▶ What the task asks
Below are the records; extract from them the line containing "Bílé pantofle na" to the line containing "蘇系房企整體較為專(zhuā", both lines included, exactly and with no pictures.

▶ Provided data
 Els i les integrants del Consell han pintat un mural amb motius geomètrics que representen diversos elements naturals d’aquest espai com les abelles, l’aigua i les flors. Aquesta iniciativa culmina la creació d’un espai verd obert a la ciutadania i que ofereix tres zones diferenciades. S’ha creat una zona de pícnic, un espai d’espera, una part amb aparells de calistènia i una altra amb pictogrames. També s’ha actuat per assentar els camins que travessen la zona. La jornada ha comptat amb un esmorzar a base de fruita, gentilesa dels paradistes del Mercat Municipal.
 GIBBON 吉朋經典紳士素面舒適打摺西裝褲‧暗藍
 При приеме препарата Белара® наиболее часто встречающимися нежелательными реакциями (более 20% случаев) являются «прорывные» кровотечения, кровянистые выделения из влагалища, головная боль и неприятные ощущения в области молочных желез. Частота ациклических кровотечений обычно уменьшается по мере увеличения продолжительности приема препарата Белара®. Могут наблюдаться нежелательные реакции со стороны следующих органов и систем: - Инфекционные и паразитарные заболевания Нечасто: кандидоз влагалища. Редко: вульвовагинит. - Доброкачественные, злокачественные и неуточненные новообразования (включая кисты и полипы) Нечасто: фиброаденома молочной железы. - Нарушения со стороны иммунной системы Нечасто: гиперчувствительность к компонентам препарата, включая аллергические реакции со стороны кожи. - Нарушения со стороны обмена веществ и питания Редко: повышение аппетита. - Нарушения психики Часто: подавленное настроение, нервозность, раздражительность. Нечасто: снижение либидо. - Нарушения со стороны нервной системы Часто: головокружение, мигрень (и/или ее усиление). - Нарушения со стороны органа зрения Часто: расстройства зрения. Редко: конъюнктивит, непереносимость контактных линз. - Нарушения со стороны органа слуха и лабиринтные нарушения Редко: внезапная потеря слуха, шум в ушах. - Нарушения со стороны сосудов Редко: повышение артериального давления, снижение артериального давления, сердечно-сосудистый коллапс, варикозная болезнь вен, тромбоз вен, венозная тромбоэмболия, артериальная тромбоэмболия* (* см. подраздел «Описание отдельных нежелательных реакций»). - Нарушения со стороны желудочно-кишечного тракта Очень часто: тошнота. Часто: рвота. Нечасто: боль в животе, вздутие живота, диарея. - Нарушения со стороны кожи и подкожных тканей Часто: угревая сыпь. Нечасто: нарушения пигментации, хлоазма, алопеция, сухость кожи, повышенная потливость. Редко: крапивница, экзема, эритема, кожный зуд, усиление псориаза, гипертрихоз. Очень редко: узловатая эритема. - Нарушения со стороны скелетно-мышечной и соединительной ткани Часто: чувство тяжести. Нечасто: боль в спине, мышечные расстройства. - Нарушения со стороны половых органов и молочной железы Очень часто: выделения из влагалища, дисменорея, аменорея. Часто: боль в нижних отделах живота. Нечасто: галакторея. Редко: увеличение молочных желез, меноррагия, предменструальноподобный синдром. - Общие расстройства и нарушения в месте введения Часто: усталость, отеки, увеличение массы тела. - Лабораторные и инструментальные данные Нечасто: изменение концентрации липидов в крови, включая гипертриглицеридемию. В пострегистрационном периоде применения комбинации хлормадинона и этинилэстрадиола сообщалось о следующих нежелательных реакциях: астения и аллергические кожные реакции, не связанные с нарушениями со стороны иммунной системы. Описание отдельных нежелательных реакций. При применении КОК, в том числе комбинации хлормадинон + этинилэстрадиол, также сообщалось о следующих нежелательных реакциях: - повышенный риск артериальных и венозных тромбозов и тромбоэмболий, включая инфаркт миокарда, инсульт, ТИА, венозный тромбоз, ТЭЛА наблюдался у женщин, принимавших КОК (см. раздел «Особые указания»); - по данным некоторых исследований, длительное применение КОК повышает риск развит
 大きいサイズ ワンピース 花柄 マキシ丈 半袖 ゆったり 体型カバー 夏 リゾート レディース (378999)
...
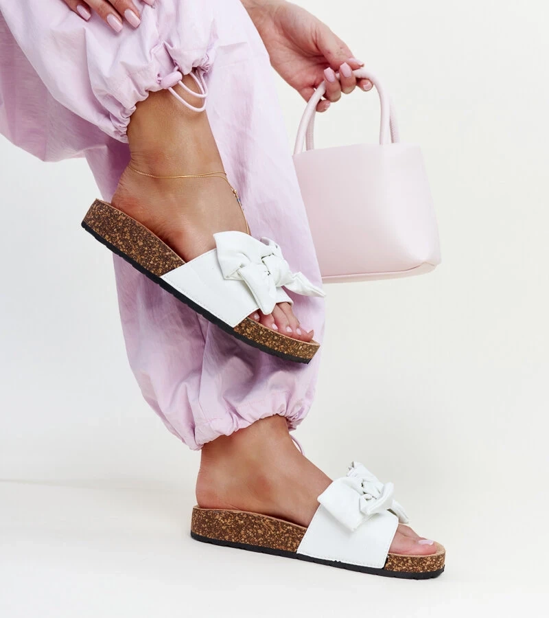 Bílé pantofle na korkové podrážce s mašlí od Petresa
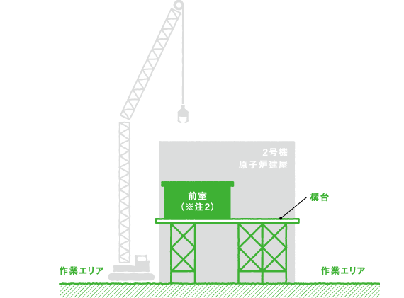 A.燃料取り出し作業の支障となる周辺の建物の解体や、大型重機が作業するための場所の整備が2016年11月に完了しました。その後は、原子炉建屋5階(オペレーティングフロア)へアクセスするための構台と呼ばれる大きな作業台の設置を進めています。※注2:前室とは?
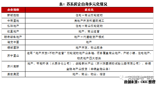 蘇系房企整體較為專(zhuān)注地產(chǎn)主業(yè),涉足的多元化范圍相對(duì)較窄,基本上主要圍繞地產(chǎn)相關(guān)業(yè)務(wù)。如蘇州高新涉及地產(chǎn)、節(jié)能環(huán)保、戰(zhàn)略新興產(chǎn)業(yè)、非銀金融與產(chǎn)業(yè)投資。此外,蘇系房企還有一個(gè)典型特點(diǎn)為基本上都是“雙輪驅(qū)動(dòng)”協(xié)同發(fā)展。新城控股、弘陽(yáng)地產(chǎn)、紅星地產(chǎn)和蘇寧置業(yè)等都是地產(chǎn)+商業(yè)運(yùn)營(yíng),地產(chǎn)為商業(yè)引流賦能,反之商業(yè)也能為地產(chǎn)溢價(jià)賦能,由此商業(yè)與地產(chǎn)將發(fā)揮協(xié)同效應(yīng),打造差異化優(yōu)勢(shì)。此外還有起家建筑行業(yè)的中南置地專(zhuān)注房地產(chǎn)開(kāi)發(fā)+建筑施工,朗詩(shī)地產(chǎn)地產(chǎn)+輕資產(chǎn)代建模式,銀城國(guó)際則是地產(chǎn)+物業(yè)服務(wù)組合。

▶ Solution for this problem
 Bílé pantofle na korkové podrážce s mašlí od Petresa
 A.燃料取り出し作業の支障となる周辺の建物の解体や、大型重機が作業するための場所の整備が2016年11月に完了しました。その後は、原子炉建屋5階(オペレーティングフロア)へアクセスするための構台と呼ばれる大きな作業台の設置を進めています。※注2:前室とは?
 蘇系房企整體較為專(zhuān)注地產(chǎn)主業(yè),涉足的多元化范圍相對(duì)較窄,基本上主要圍繞地產(chǎn)相關(guān)業(yè)務(wù)。如蘇州高新涉及地產(chǎn)、節(jié)能環(huán)保、戰(zhàn)略新興產(chǎn)業(yè)、非銀金融與產(chǎn)業(yè)投資。此外,蘇系房企還有一個(gè)典型特點(diǎn)為基本上都是“雙輪驅(qū)動(dòng)”協(xié)同發(fā)展。新城控股、弘陽(yáng)地產(chǎn)、紅星地產(chǎn)和蘇寧置業(yè)等都是地產(chǎn)+商業(yè)運(yùn)營(yíng),地產(chǎn)為商業(yè)引流賦能,反之商業(yè)也能為地產(chǎn)溢價(jià)賦能,由此商業(yè)與地產(chǎn)將發(fā)揮協(xié)同效應(yīng),打造差異化優(yōu)勢(shì)。此外還有起家建筑行業(yè)的中南置地專(zhuān)注房地產(chǎn)開(kāi)發(fā)+建筑施工,朗詩(shī)地產(chǎn)地產(chǎn)+輕資產(chǎn)代建模式,銀城國(guó)際則是地產(chǎn)+物業(yè)服務(wù)組合。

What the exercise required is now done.